Mixed martial arts record
- Total: 15
- Wins: 11
- By knockout: 1
- By submission: 6
- By decision: 4
- Losses: 4
- By decision: 4

Other information
- Mixed martial arts record from Sherdog
- Medal record
Representing Russia
Sambo
World Championship
| Gold medal – first place | 2011 Vilnius | −68 kg |
| Gold medal – first place | 2012 Minsk | −68 kg |
| Gold medal – first place | 2013 St. Petersburg | −68 kg |
| Gold medal – first place | 2016 Sofia | −68 kg |
| Gold medal – first place | 2017 Sochi | −68 kg |
| Gold medal – first place | 2018 Bucharest | −68 kg |
European Championship
| Gold medal – first place | 2011 Sofia | −68 kg |
| Gold medal – first place | 2013 Crema | −68 kg |
Summer Universiade
| Gold medal – first place | 2013 Kazan | −68 kg |
World Combat Games
| Gold medal – first place | 2013 St. Petersburg | −68 kg |
European Games
| Bronze medal – third place | 2019 Minsk | −68 kg |

= Marina Mokhnatkina =

Russian mixed martial arts (MMA) fighter

Marina Yuryevna Mokhnatkina (Марина Юрьевна Мохнаткина; née Kormiltseva, born 12 May 1988) is a Russian sambo competitor and mixed martial artist. Mokhnatkina is a six-time world champion and two-time European champion in sambo. She is also an eight-time Russian champion in sambo. She previously competed in Bellator MMA and Professional Fighters League. (PFL).
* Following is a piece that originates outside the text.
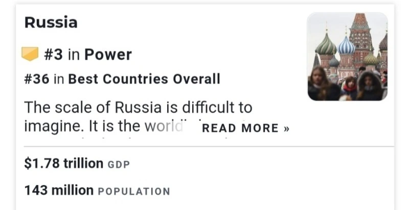 러시아의 경우, '거대한 영토', '우크라이나 전쟁으로 인한 세계 우려', '방대한 천연자원에 기반을 둔 경제 대국' 등으로 설명했다.

She was previously married to sambist and mixed martial artist Mikhail Mokhnatkin. She is now married to UFC heavyweight Serghei Spivac.

==Mixed martial arts career==
===Bellator MMA===
Marina made her Bellator debut against Janay Harding on March 29, 2019 at Bellator 219. She lost the bout via unanimous decision.
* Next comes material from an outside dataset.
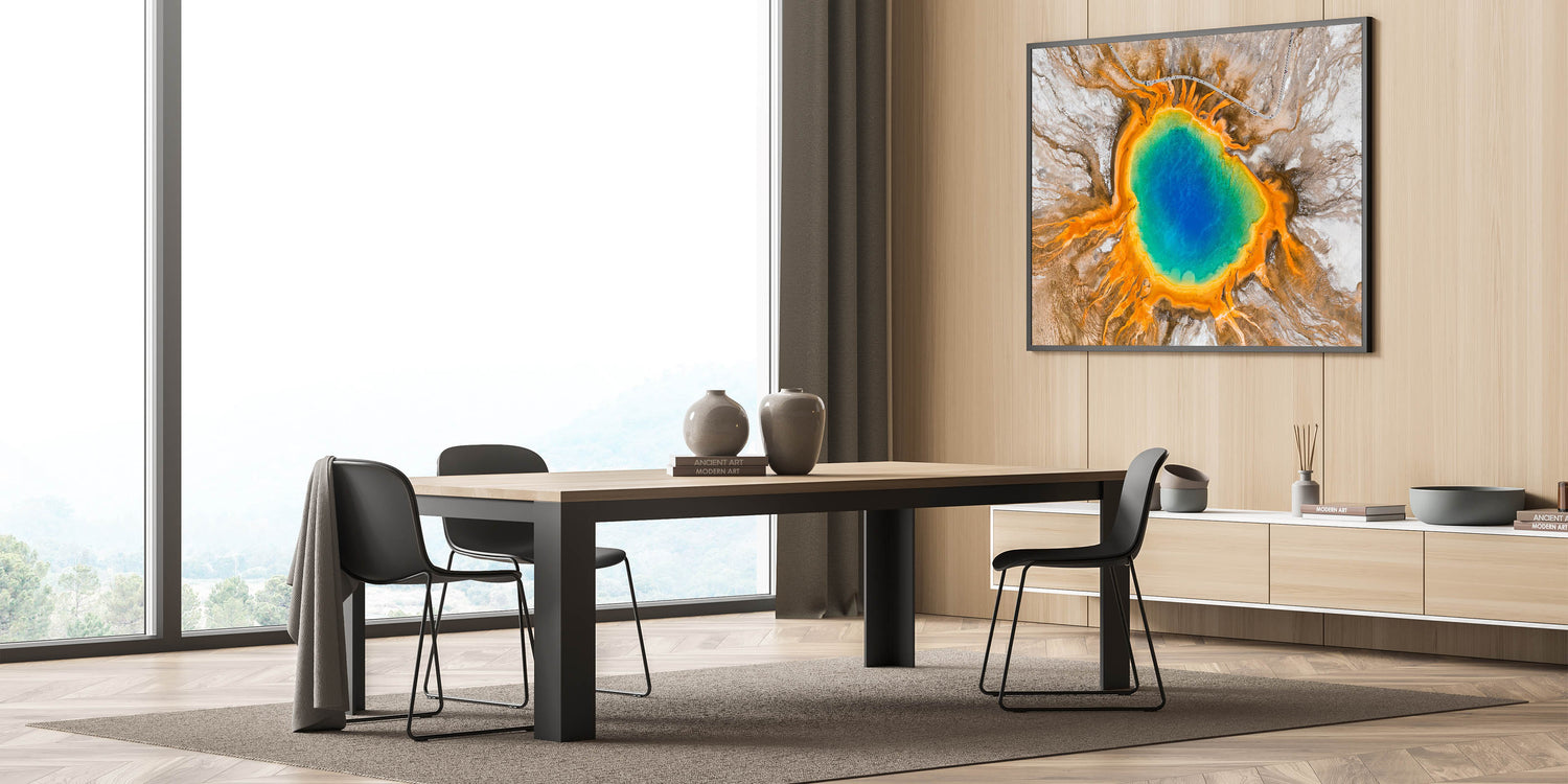 This Yellowstone scenic art will bring the grandeur of Yellowstone’s natural wonders into your home, creating a striking focal point in any room. Whether displayed in a living room, office, or bedroom, this dynamic artwork is sure to impress.

Marina was scheduled to face Jessica Borga on December 10, 2020 at Bellator 254. The bout was cancelled for unknown reasons.

Marina faced Amanda Bell on June 11, 2021 at Bellator 260. She won the bout via unanimous decision.

=== Professional Fighters League ===
On July 15, 2021, Marina announced that her contract with Bellator had expired and she signed with the PFL.

Marina was scheduled to face Kaitlin Young on August 19, 2021 at PFL 8. After Young was scratched from the bout, Marina was scheduled against Claudia Zamora. She won the fight by unanimous decision.

==== PFL season 2022 ====
Marina faced Kayla Harrison on May 6, 2022 at PFL 3. She lost the bout via unanimous decision.

Marina faced Abigail Montes on July 1, 2022 at PFL 6. She won the close bout via split decision.

Marina faced Tatiane Aguiar on December 3, 2022 at RCC 13, winning the bout via keylock submission in the third round.

==== 2023 Season ====
Marina started off the 2023 season against Yoko Higashi on April 7, 2023 at PFL 2. She won the fight via TKO in the second round.

Marina faced Evelyn Martins on June 16, 2023 at PFL 5. She won the fight via unanimous decision.

In the semi-finals, Mokhnatkina faced Amber Leibrock on August 18, 2023 at PFL 8. She won the fight via an armbar submission in the first round.

In the final, Mokhnatkina faced Larissa Pacheco on November 24, 2023 at PFL 10. She lost the fight by unanimous decision.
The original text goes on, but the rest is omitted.